I misplaced my waist
I may have left it on the tennis court.
Haven’t seen it for many years due to depression, melancholy, low serotonin levels, a sluggish metabolism, too much red wine, too many bad carbohydrates, President’s Choice Bingo Cherry Ice Cream, not enough exercise, apathy, Costco beef tenderloin, feeling sorry for myself, plantar fasciitis, rotator cuff injuries, tennis elbow, no money.
And the fact I have boobs that weigh six hundred pounds. Each.
Eating, drinking, inertia, old age, bad feet, genetics,
Pick one. Pick something from each category.
They are all to blame.
So about three months ago, I made a decision to start working out, as many of you know. I tried the treadmill but my foot kept blowing up. I tried the stairmaster; I kept falling off it because I have inner ear issues.
I looked at aquafit and thought, hmm, maybe. The gymnasty does have a women’s only pool. So I went looking for a bathing suit, and let me tell you, the experience was tear-inducing. If the bottom fit, the top was too small. If the top fit, the bottom was like the bottom part of a Gladiator outfit worn by Kirstie Alley. I tried all manner of two pieces and they just looked ugly. So no swimming for me until my bottom matches my top — and that would require surgery.
I have become a hermit over the years thanks to general anxiety disorder, so classes are a no go. Everytime I’m in a room with more than two people, the adrenaline starts shooting out my ears and the top of my head blows off. That means no yoga, hot or cold, no spinning, no weird class with elastics. The only place for me was the gym and the only place in the gym for me was either with the exercise bike or the rowing machine. So I tried them both.

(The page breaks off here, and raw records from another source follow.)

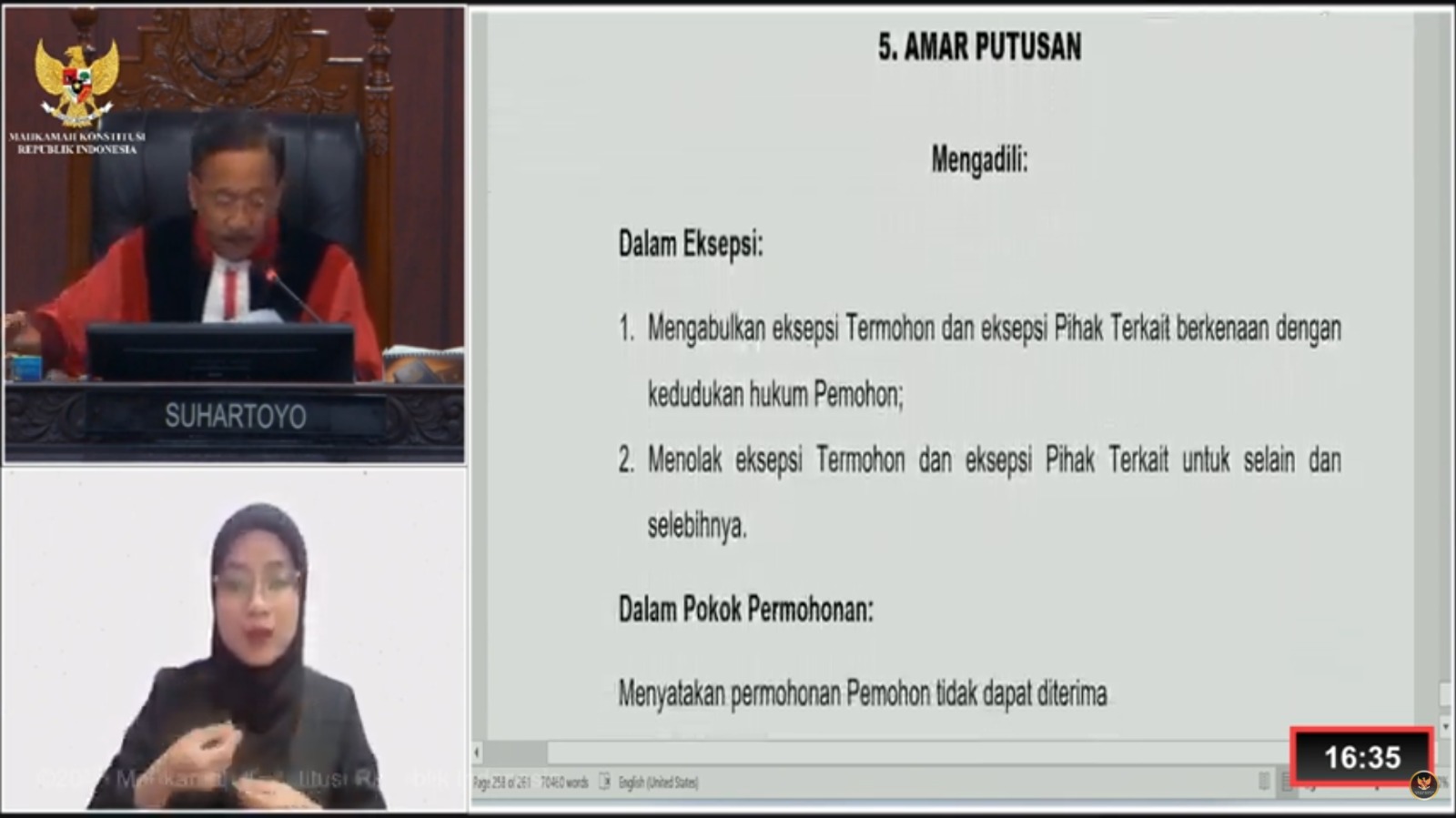 Sidang pembacaan putusan digelar Selasa (08/07/2025) dan dipimpin langsung oleh Ketua MK, Suhartoyo.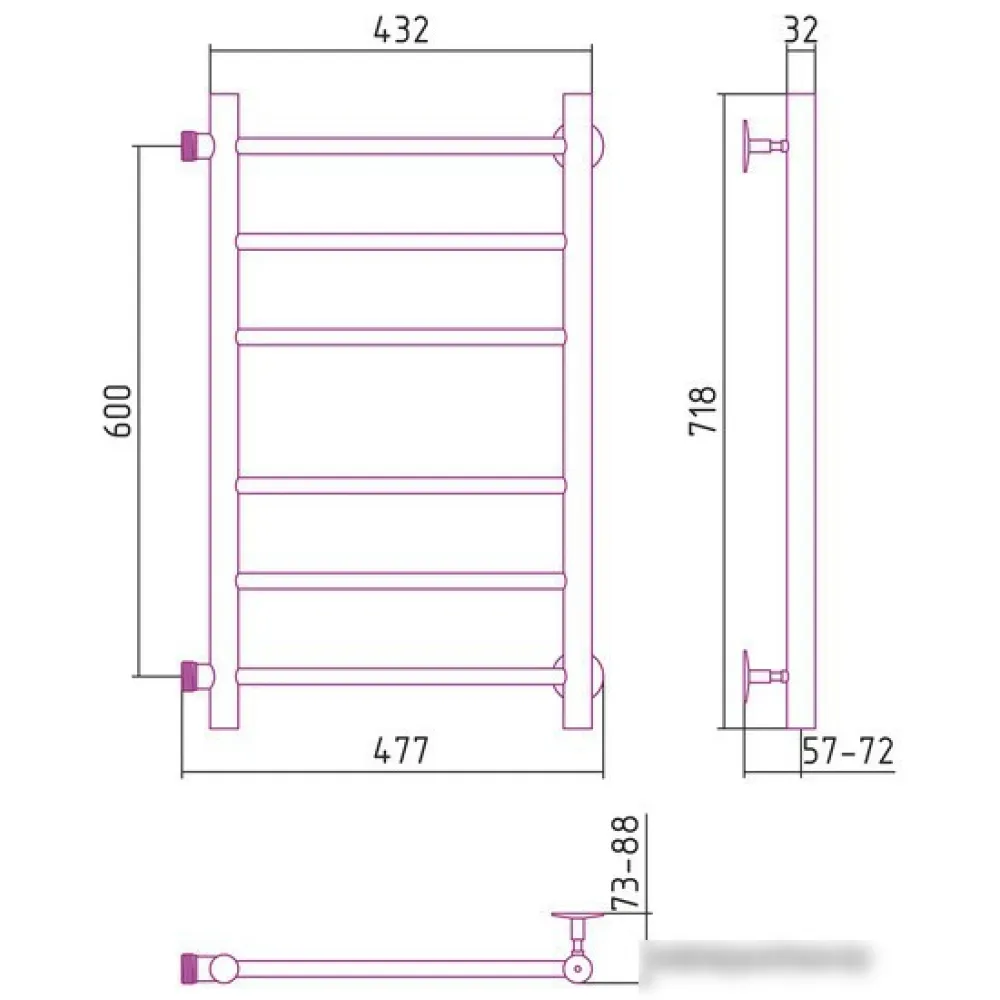 | Комплектация | Полотенцесушитель - 1 шт. Кронштейн телескопический - 1 к-т Воздушный клапан - 2 шт. Паспорт - 1 шт. Полотенцесушитель упакован в полиэтиленовый пакет и коробку из гофрокартона. Для подключения потребуется: два соединительных элемента угловых/прямых. |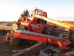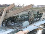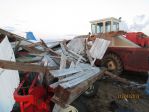 A John Deere steel wheel rake that I had on a planter trailer took a beating and looks to have a bent frame. My early (1965) 701 Uni-picker has a elevator bent over like a banana, a beam on it with the husking bed sprung toward the right and something fell on the corn head. Something cracked the glass on the operator door. The 325 NI picker in there has a beam on it and busted the support on the elevator.The elevator is bent also. The New Idea 402 hayrake that our FFA repainted and rebuilt in the school ag shop this past year has beams laying all over it. Hadn't even raked any hay with it yet since rebuild.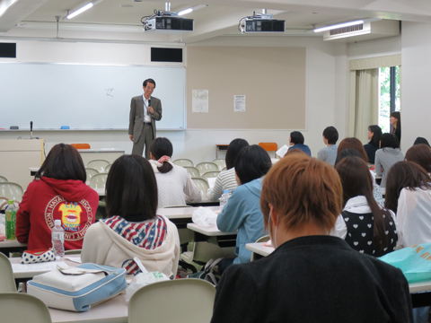 昨日5月7日(木)ランチタイムに、1年生を対象に教職課程ガイダンスを行いました♪恵泉では、中学校・高等学校の国語または英語の「一種免許」の取得が可能です。今まで多くの学生が教員免許を取得し、現在中学高校の現場で活躍しています。当日は約40名が参加し、メモを取りながら熱心に先輩からのお話しや教職員からの説明を聞いていました。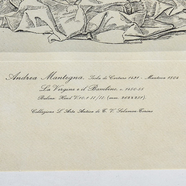 Incisione rappresentante “La vergine col bambino” di Andrea Mantegna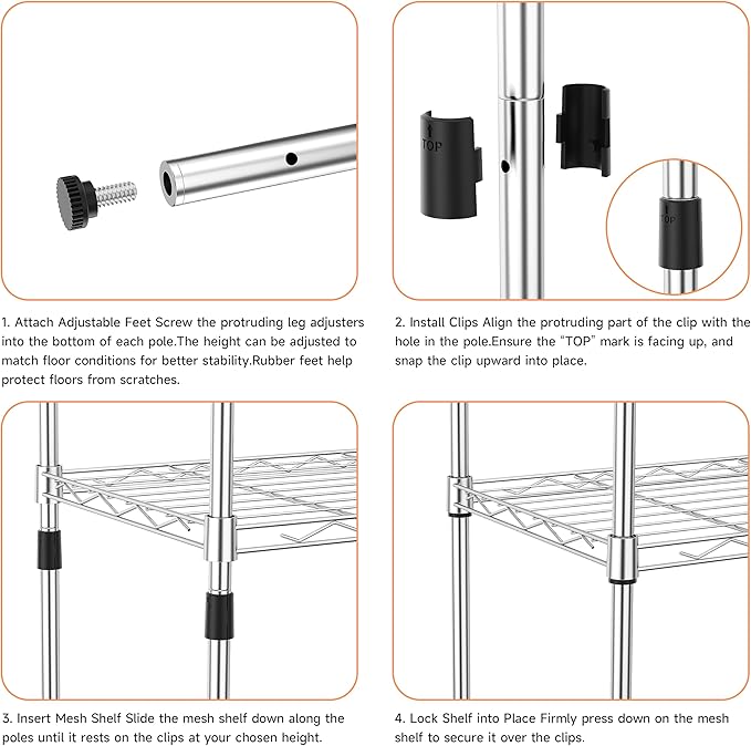 - Strong & Durable: Built with high-quality carbon steel, this 4-tier wire shelving unit offers reliable strength and long-term durability. Perfect for organizing kitchen supplies, office essentials, or household tools.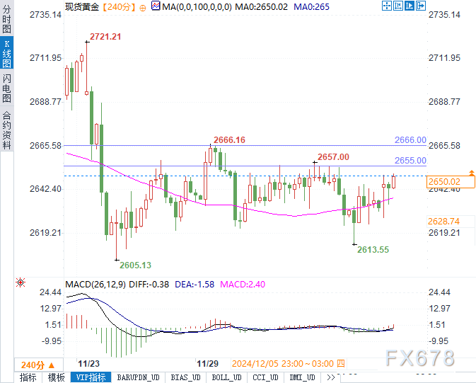 现货黄金价格在本周初表现积极,周一(12月9日),金价交投于2650.56美元/盎司,日内涨幅0.67%。当前市场受到多重因素影响,包括美联储可能的进一步降息预期、地缘政治紧张局势的加剧以及全球避险情绪的升温。然而,由于市场对美国通胀数据的关注以及美元的强势表现,黄金涨势似乎暂时受限。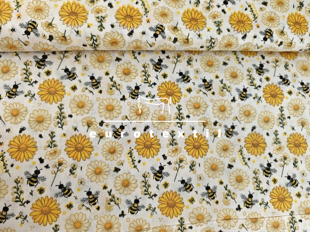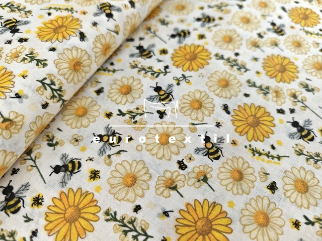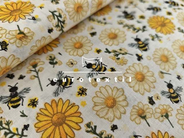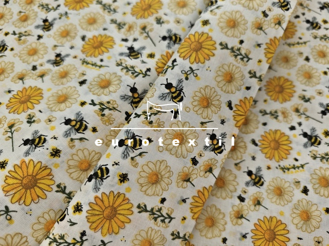 Nyomott mintás pamut karton,törtfehér alapon sárga virág mintával. Lakástextilek, ágyneműk készítéséhez ajánljuk.

The bike is nice because you can just sit there and watch television. I go for Regis and Kelly, myself. The Food Network is definitely off limits. So is Ellen DeGeneris because she’s so damned funny, I would have to wear Depends to work out.
I do a half hour on the bike, then sidle up to the rowing machine, and don my wonderful IPod shuffle, which is a little clipon gadget filled with my favorite tunes by Neil Young, Blue Rodeo and the soundtracks from two of my favorite movies, I Am Sam (Beatles tunes) and August Rush (Van Morrison, classical, rock and gospel).
Just as an aside, is everyone in agreement with me on the Beatles? I cannot stand to listen to Beatles songs sung by the Flab Four anymore, but absolutely adore classic Be-ul tunes sung by other people. Just a comment.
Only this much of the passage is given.